- Task item: Exact reproduction is required for the lines below starting at the line with "全球功夫网安徽站讯 8月29" and ending at the line with "Pen Covers and", both included. No other lines, and no pictures.
==== Dataset entries
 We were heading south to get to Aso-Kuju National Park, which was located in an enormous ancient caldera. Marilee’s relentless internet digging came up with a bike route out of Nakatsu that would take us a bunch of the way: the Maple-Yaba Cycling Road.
========
==== Dataset entries
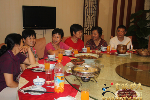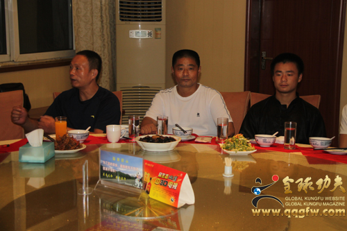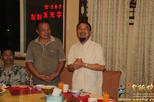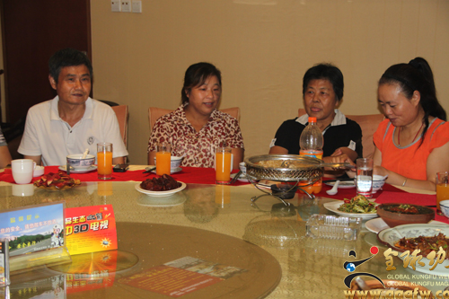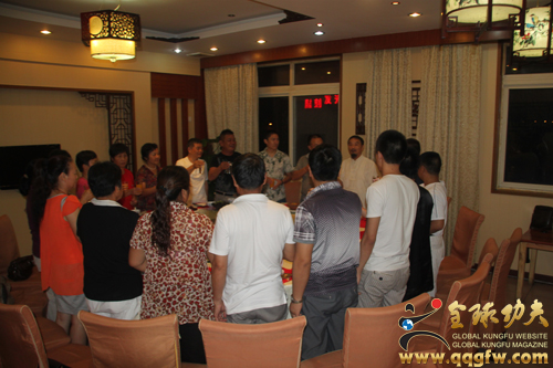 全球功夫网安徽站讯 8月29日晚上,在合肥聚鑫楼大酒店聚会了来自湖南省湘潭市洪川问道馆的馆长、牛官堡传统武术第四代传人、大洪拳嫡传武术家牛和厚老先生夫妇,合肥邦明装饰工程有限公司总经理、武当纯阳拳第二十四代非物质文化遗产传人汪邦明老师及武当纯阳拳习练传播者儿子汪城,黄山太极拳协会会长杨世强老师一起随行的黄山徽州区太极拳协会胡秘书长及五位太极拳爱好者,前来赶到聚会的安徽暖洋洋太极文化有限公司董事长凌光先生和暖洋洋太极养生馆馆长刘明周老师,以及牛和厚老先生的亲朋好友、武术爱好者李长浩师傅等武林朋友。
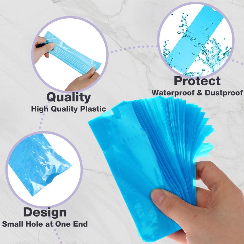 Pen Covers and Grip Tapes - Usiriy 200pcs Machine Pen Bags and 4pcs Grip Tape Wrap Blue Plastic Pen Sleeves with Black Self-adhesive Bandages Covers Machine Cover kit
========
- Completed task:
 全球功夫网安徽站讯 8月29日晚上,在合肥聚鑫楼大酒店聚会了来自湖南省湘潭市洪川问道馆的馆长、牛官堡传统武术第四代传人、大洪拳嫡传武术家牛和厚老先生夫妇,合肥邦明装饰工程有限公司总经理、武当纯阳拳第二十四代非物质文化遗产传人汪邦明老师及武当纯阳拳习练传播者儿子汪城,黄山太极拳协会会长杨世强老师一起随行的黄山徽州区太极拳协会胡秘书长及五位太极拳爱好者,前来赶到聚会的安徽暖洋洋太极文化有限公司董事长凌光先生和暖洋洋太极养生馆馆长刘明周老师,以及牛和厚老先生的亲朋好友、武术爱好者李长浩师傅等武林朋友。
 Pen Covers and Grip Tapes - Usiriy 200pcs Machine Pen Bags and 4pcs Grip Tape Wrap Blue Plastic Pen Sleeves with Black Self-adhesive Bandages Covers Machine Cover kit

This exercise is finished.